Recorded information.

□ □ □ □ □ □ □

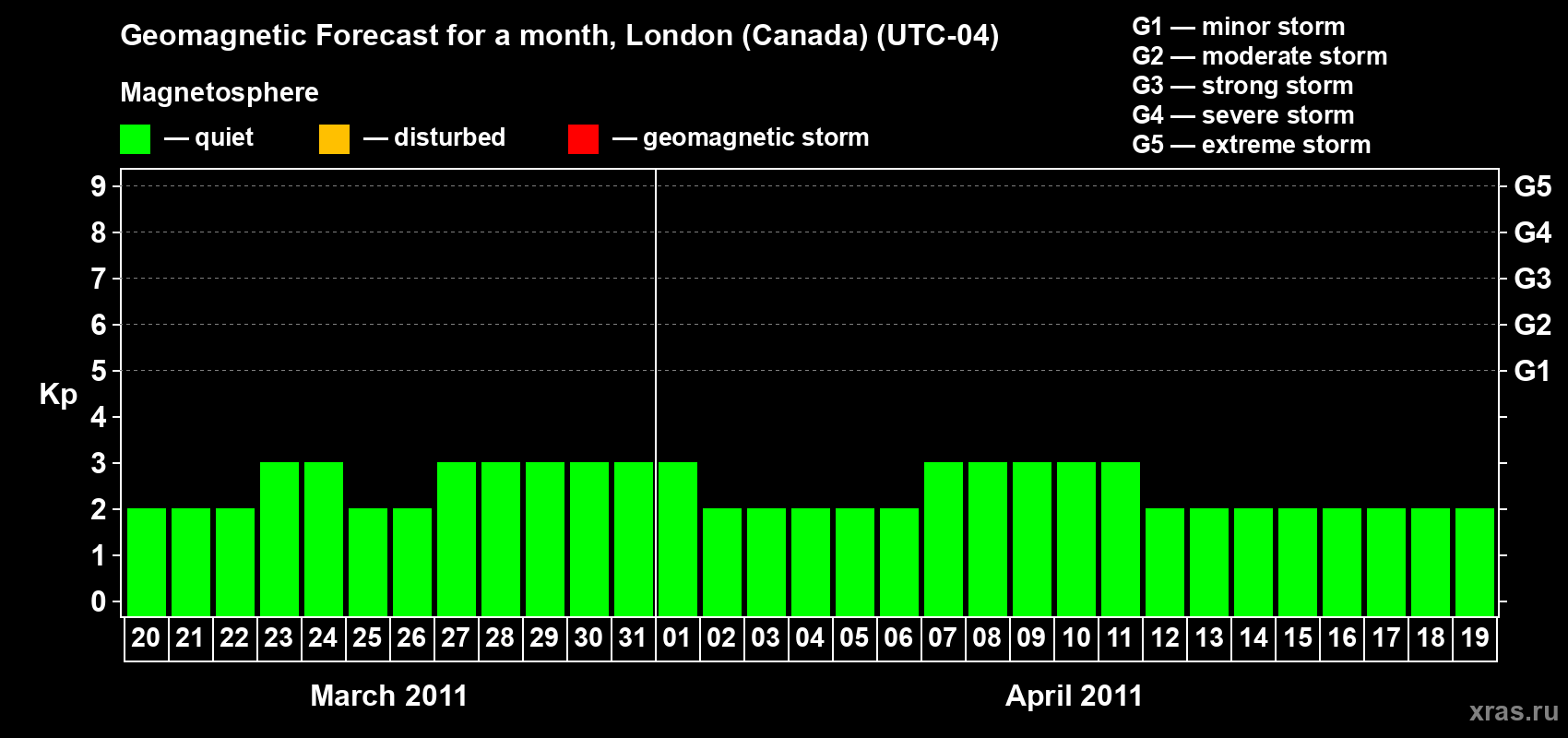 Geomagnetic storm forecast in London (Canada) for Mar 20, 2011
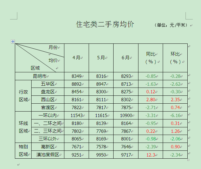 其中同比跌幅最大的区域是一环以内(-3.31%),涨幅最大的区域是滇池度假区(+12.3%);环比跌幅最大的区域是一环以内(-6.16%),涨幅最大的区域是西山区(+2.35%)。
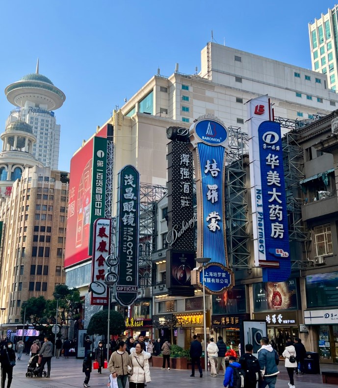 아침 일찍 난징동루에 도착했습니다. 난징동루는 상하이의 대표적인 번화가로, 거리 곳곳에서 도시의 생동감을 느낄 수 있는 장소입니다.
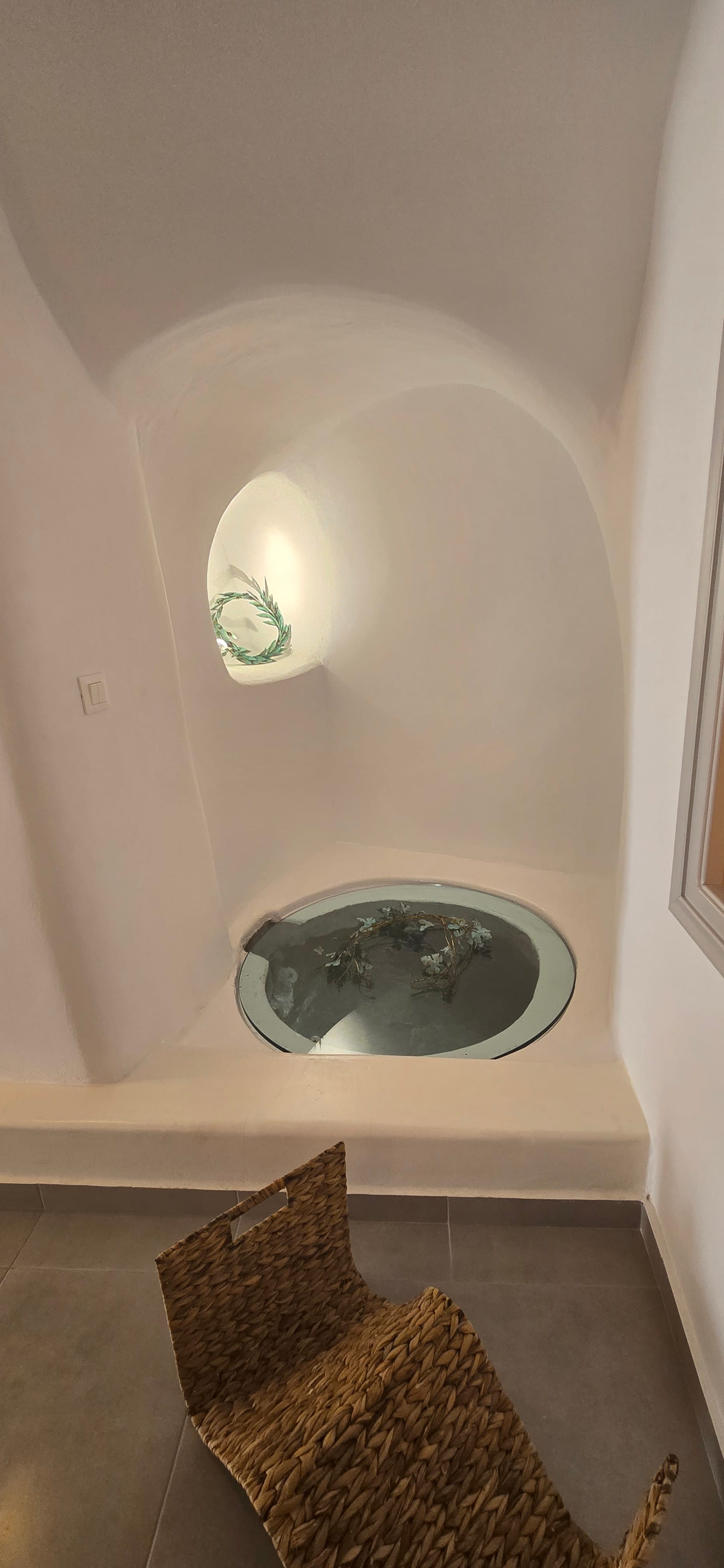 Today, this historic mansion has been thoughtfully transformed into a contemporary residence. In its past life, it functioned as a traditional canava—a wine-making space where Santorini’s renowned wines were once produced. The original wine press is still preserved on-site (specifically within the Canava Residence), serving as a living testament to the island’s rich viticultural legacy.

□ □ □ □ □ □ □

Work instruction. Exactly and only the lines from the one holding "其中同比跌幅最大的区域是一环" through the final line of the material must be returned, both ends included, without any pictures.

Solution for this exercise.
 其中同比跌幅最大的区域是一环以内(-3.31%),涨幅最大的区域是滇池度假区(+12.3%);环比跌幅最大的区域是一环以内(-6.16%),涨幅最大的区域是西山区(+2.35%)。
 아침 일찍 난징동루에 도착했습니다. 난징동루는 상하이의 대표적인 번화가로, 거리 곳곳에서 도시의 생동감을 느낄 수 있는 장소입니다.
 Today, this historic mansion has been thoughtfully transformed into a contemporary residence. In its past life, it functioned as a traditional canava—a wine-making space where Santorini’s renowned wines were once produced. The original wine press is still preserved on-site (specifically within the Canava Residence), serving as a living testament to the island’s rich viticultural legacy.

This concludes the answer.